In this article, we’ll give you a refresher on the counting algorithm:

- What Is Counting Sort?
- How Does Counting Sort Work?
- Counting Sort Algorithm
- Counting Sort Pseudocode
- Counting Sort Code
- Counting Sort Complexities
- Advantages of Counting Sort
- Disadvantages of Counting Sort
- FAQs on Counting Sort

Counting sort is an algorithm used to sort the elements of an array by counting and storing the frequency of each distinct element in an auxiliary array.
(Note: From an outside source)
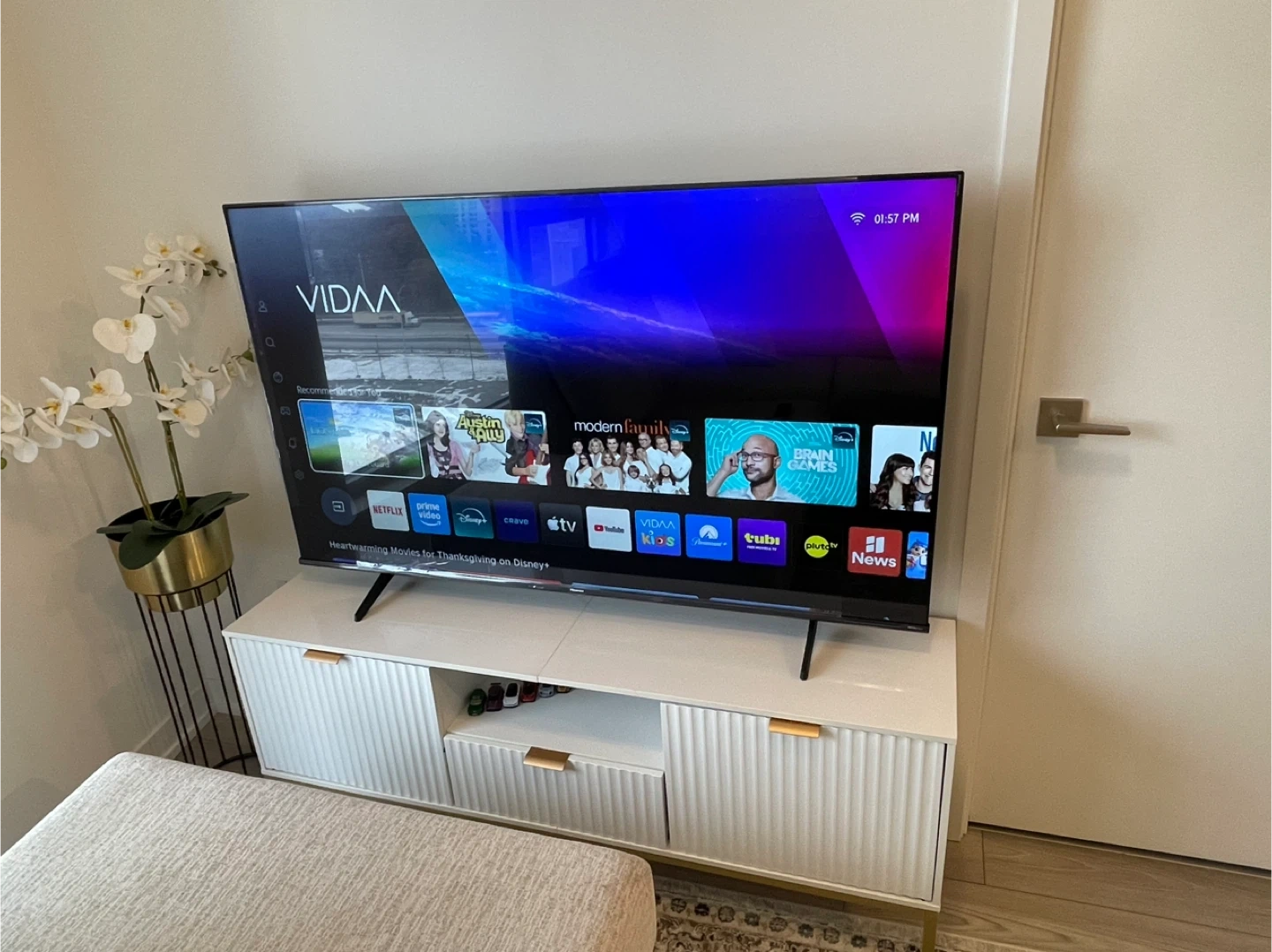Hisense 55" 4k TV , White & Gold TV Stand

Sorting is done by mapping the value of each element as an index of the auxiliary array.

Counting sort is handy while sorting values whose range is not very large.

Let’s assume that array *Arr[]* = {4, 1, 3, 4, 6, 6} with the maximum element M (here it is 6) is to be sorted.

First, we take an auxiliary array *Aux[] *of size* M+1 *(here it is 6+1 = 7) and initialize it with 0.

Next, we store the frequency of each unique element of array *Arr[]* in *Aux[]*.

Then, we calculate the prefix sum at every index of Aux[] array.

We then create an array* sortedArr[] *of size equal to the Arr[] array.

Next, traverse array Arr[] from right to left and update sortedArr[] as

sortedArr[ Aux[ Arr[i] ] - 1] = Arr[i] and Aux[] as Aux[ Arr[i] ]--. The reason behind traversing Arr[] from right to left is to preserve the order of equal elements, which eventually makes this sorting algorithm stable.

Consider an array Arr[] of size N that we want to sort:

**Step 1: **Declare an auxiliary array *Aux[]* of size *max(Arr[])+1* and initialize it with 0.

**Step 2: **Traverse array *Arr[]* and map each element of *Arr[]* as an index of *Aux[]* array, i.e., execute *Aux[Arr[i]]++* for *0 <= i < N*.

**Step 3:** Calculate the prefix sum at every index of array Arr[].

**Step 4: **Create an array *sortedArr[] *of size *N*.

**Step 5: **Traverse array *Arr[] *from right to left* *and update sortedArr[] as

sortedArr[ Aux[ Arr[i] ] - 1] - Arr[i]. Also, update Aux[] as Aux[ Arr[i] ]--.

As we are using the index of an array to map elements of array *Arr[],* if the difference between the maximum element and minimum element is huge, counting sort will not be feasible.

Counting sort is helpful when we have to sort many numbers that lie in a comparatively small range.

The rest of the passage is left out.